Histologic findings from brain of 15-year-old boy with X-linked agammaglobulinemia and astrovirus encephalitis. A) Frontal cortex with cortical thinning (double-headed arrow) and vacuolation (arrows) (Luxol fast blue stain with periodic acid–Schiff method [LFB/PAS], original magnification ×10). B) Frontal cortex with vacuolation (arrow) and rare residual neurons (arrowheads) (LFB/PAS, original magnification ×50). C) Marked astrogliosis in the frontal cortex (glial fibrillary acidic protein [GFAP] immunostain, original magnification ×100). D) White matter with marked astrogliosis (GFAP immunostain, original magnification ×100). E) Penetrating artery with abundant CD3+ T-cells in the perivascular space and adjacent brain parenchyma (CD3⁺ immunostain, original magnification ×25). F) CD3⁺ T-cells as part of microglial nodules (CD3⁺ immunostain, original magnification ×100). G) White matter in the internal capsule showing myelin clumps (arrowheads) and vacuolation (arrow) (LFB/PAS, original magnification ×100). H) Loss of axons in the internal capsule (Bielschowsky nerve fiber silver stain, original magnification ×100). I) Internal capsule with marked microgliosis (CD68⁺ immunostain, original magnification ×40). J) Microcalcifications (arrow) in the globus pallidus (LFB/PAS, original magnification ×100). All paraffin sections were counterstained with hematoxylin.

Figure 2

Schematic genome organization of human astrovirus Puget Sound (HAstV-PS). Arrows represent the 3 open reading frames of the 6,584-nt single-strand, positive-sense genome. Bars above the schematic indicate the 12 contiguous fragments (contigs A–L) generated through unbiased high-throughput sequencing. PCR primers for amplification across sequence gaps were designed based on the unbiased high-throughput sequencing data, and the draft genome was resequenced by overlapping PCR products that covered the entire genome except for terminal sequences. Genomic termini were characterized with 5′ and 3′ rapid amplification of cDNA ends kits (Invitrogen, Carlsbad, CA, USA). Arrowheads indicate primer locations.
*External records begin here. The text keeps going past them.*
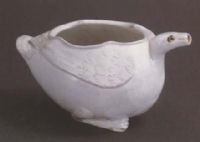 說 明: 五代.通體白釉,雙目黑彩點睛,翅尾為凝聚的玻璃質(zhì)釉.造型巧妙,生動活潑.
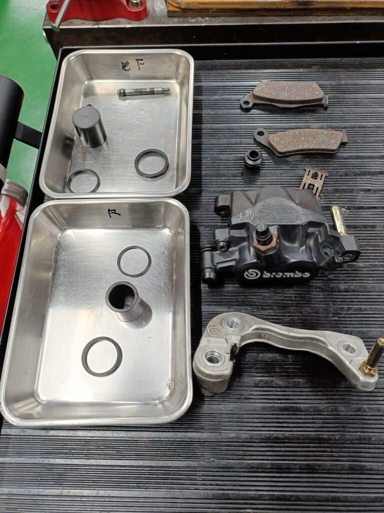とりあえず、キャリパーを分解してキレイにお掃除。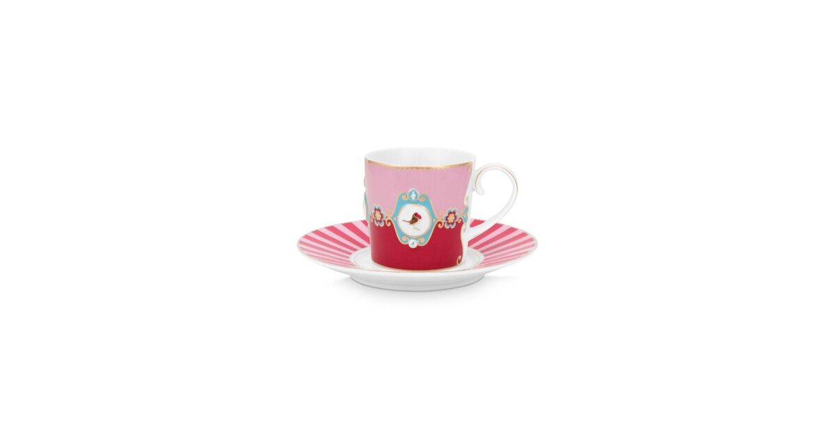 Espresso bögre csészealjjal, Pip Studio, 200 ml, piros és rózsaszín, Love Birds kollekció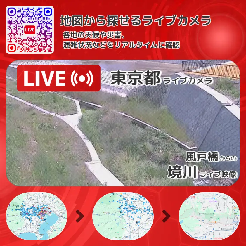 周辺の気象状況も併せてチェックすることが可能で、台風・大雨・地震などの災害による被害状況も把握することができます。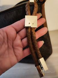 manici e chiusura in cuoio intrecciato e stampa classica MK.

PRO, protease; POL, polymerase; CA, capsid; (A)_n, poly-A tail.

Figure 3

Phylogenetic analysis of full-length capsid protein sequences showing the relationship between human astrovirus Puget Sound (HAstV-PS) identified in brain of 15-year-old boy with X-linked agammaglobulinemia and encephalitis and other astroviruses. GenBank accession numbers in parentheses: MLB1 (FJ22245), VA1 (FJ973620), HAstV-1 (AB000295), HAstV-2 (L06802), HAstV-3 (DQ630763), HAstV-4 (AB025803), HAstV-5 (U15136), HAstV-6 (Z46658), HAstV-7 (Y08632), HAstV-8 (Z66541), MAstV (AY179509), OAstV (NC_002469), BatAstV (FJ571074), FAstV (AF056197), ChAstV (EU650331), PAstV (Y15938), ANV 1 (AB033998), ANV 2 (AB046864), TAstV 1 (Y15936), and TAstV 2 (AY769615). Bayesian posterior probability values >75% are shown at respective nodes. FAstV, feline astrovirus; ChAstV, cheetah astrovirus; PAstV, porcine astrovirus; OAstV, ovine astrovirus; MAstV, mink astrovirus; ANV, avian nephritis virus; TAstV, turkey astrovirus. Scale bar indicates number of amino acid substitutions per site.

Figure 4

Immunofluorescence and immunohistochemical analyses with human astrovirus Puget Sound capsid antibodies. A) Indirect double immunofluorescence–stained, formalin-fixed, paraffin-embedded tissue sections from 15-year-old boy with X-linked agammaglobulinemia and astrovirus encephalitis and a control with astrogliosis not caused by astrovirus infection. The sections were stained for the astrocyte marker glial fibrillary acidic protein (GFAP, green) and for viral capsid protein (rabbit serum 1:1,000, red). Viral capsid protein is present in hypertropic astrocytes throughout the subcortical white matter and cortex; astrocytes have swollen cell bodies with intense GFAP immunostaining. Blue signal (DAPI) indicates nuclear counterstaining. Original magnification ×100. B) Immunohistochemical localization of viral antigen in a frontal cortex biopsy specimen. Immunoalkaline phosphatase stain with viral capsid antibodies (rabbit serum 1:1,000) and naphthol-fast red with hematoxylin counterstain. Original magnification ×158.